Credit unions must pay another levy next year

Stabilisation scheme aims to build up €30m fund for unions that need support

The Minister for Finance  Paschal Donohoe has committed to another review of the levy.

The Minister for Finance Paschal Donohoe has committed to another review of the levy.

 

Credit unions will have to pay a fifth stabilisation levy contribution next year under regulations signed into law by the Minister for Finance Paschal Donohoe.

The stabilisation fund was set up in the wake of the financial crisis as a backstop for credit unions that need financial support or aid to maintain their reserves.

The scheme aims to build up a fund of €30 million over 10 years. So far it has amassed just under €10 million. The levy and the amount that it raises will be reviewed after three years.

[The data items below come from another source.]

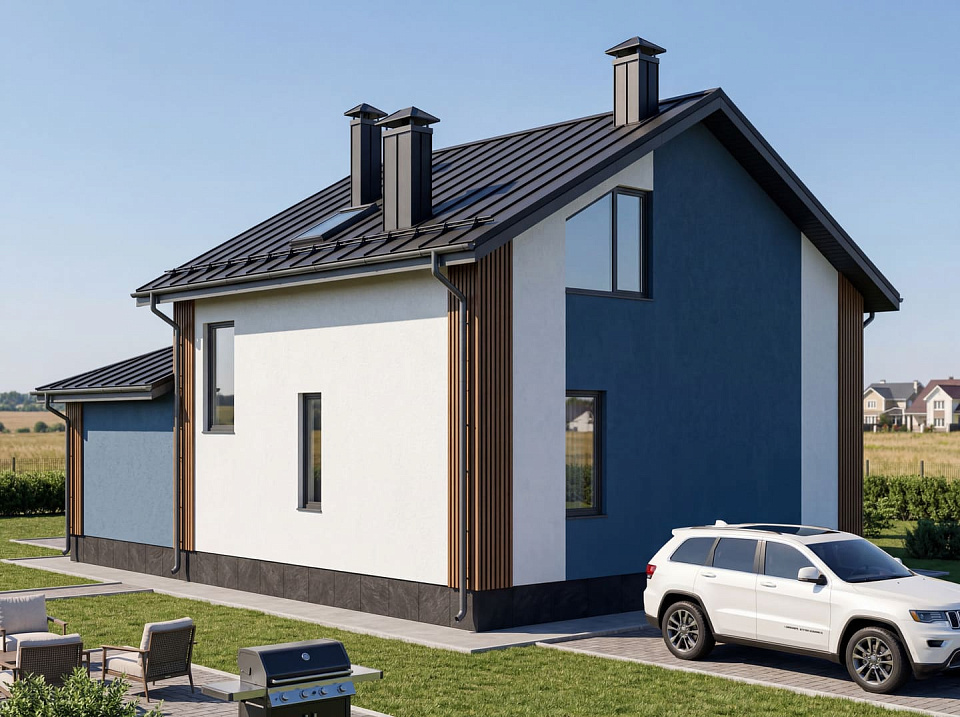 Дом из керамзитобетона Валдай 3 одноэтажный с мансардой 11х11
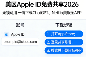 2026美区Apple ID共享 免费无锁 即登即下 美服热门APP大全 无需美国手机号 可下载ChatGPT/Netflix
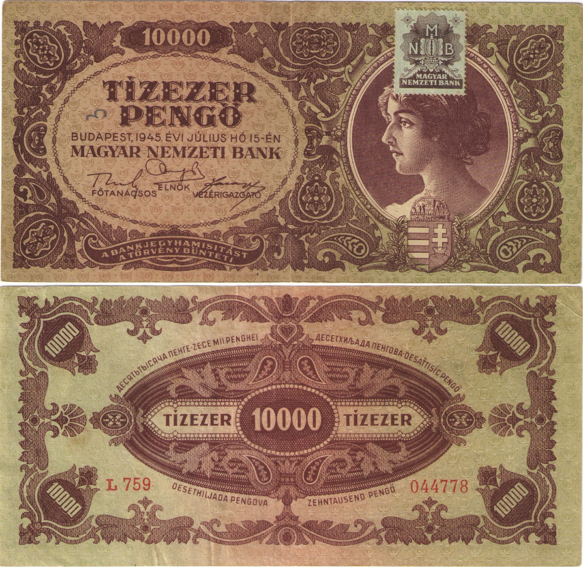 Лицевая сторона: в правой части расположен портрет женщины в овальной рамке. В левой части указание номинала цифрой - "10000" и прописью: "TIZEZER PENGO", чуть ниже надпись: "BUDAPEST, 1945 EVI JULIUS HO l15-EN MAGYAR NEMZETI BANK" и подписи управляющих.

The outcome of the first review last year was to reduce the rate of the levy (from 0.022 per cent to 0.017 per cent of total assets ) while still meeting the original target of €30 million over a ten-year period due to growth in assets for the sector.

Mr Donohoe has committed to a review of the levy again before the introduction of the 2021 levy.

Commission on Credit Unions

The introduction of the stabilisation scheme was one of the recommendations of the Commission on Credit Unions which also advised that the scheme be funded by mandatory contributions from credit unions.

To be eligible for consideration for stabilisation support, a credit union must have a regulatory reserve ratio equal to or greater than 7.5 per cent of the credit union’s total assets and less than 10 per cent and must in the opinion of the Central Bank be viable as a credit union.